I have asked the Minister what she is doing to encourage more older people to become kidney donors. She responded that there is no barrier preventing elderly people from being organ donors if their organs are healthy. It is not out of the question for those with a few more years on the clock to consider organ donation as well.

In my home province of Northern Ireland, only 32% of the population are registered organ donors, the lowest percentage of any area in the United Kingdom. That is unacceptable. Our devolved Assembly is currently processing a private Member’s Bill to increase awareness of organ donation, which proposes to provide people with an opportunity to sign up for organ donation when applying for a driver’s licence. The question will allow people to answer yes or no—they can make up their own minds—but it will be compulsory to answer; the question cannot be ignored. I am fully behind the Bill, as I feel that it will greatly boost the number of people who sign up for the organ donor register. How do the Government intend to work alongside Mr Poots, the Minister with responsibility for devolved health matters, to increase much-needed awareness in Northern Ireland? It is clear that a UK-wide strategy is the most effective way of dealing with the matter. The Minister will know that I often say here in Westminster Hall and in debates in the Chamber that it is important that the United Kingdom regions learn together and bring together all our knowledge so that we can present it.
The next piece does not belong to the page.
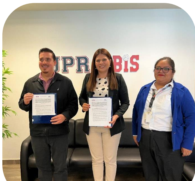
Firma de Convenio con la empresa Tatewaki 11 de octubre

Time has passed by, but my final point is to highlight the fact that research has found that if organ transplantation rates could be increased by 50% across the UK, the NHS would save money. The hon. Member for Burton mentioned a saving of more than £300 million. The figures depend on who is on the list, but the saving to the NHS would be significant. That cannot be ignored or denied. If we had that in place, it would help the Minister and this Government to manage their health budget better. In essence, if the Government save more lives through organ donation, they will have more money to spend on saving the lives of others. The Government and we as Members must not rest on our laurels and be happy with the progress made. The Government must take steps to ensure that the public are fully aware of the issue, and to save more lives.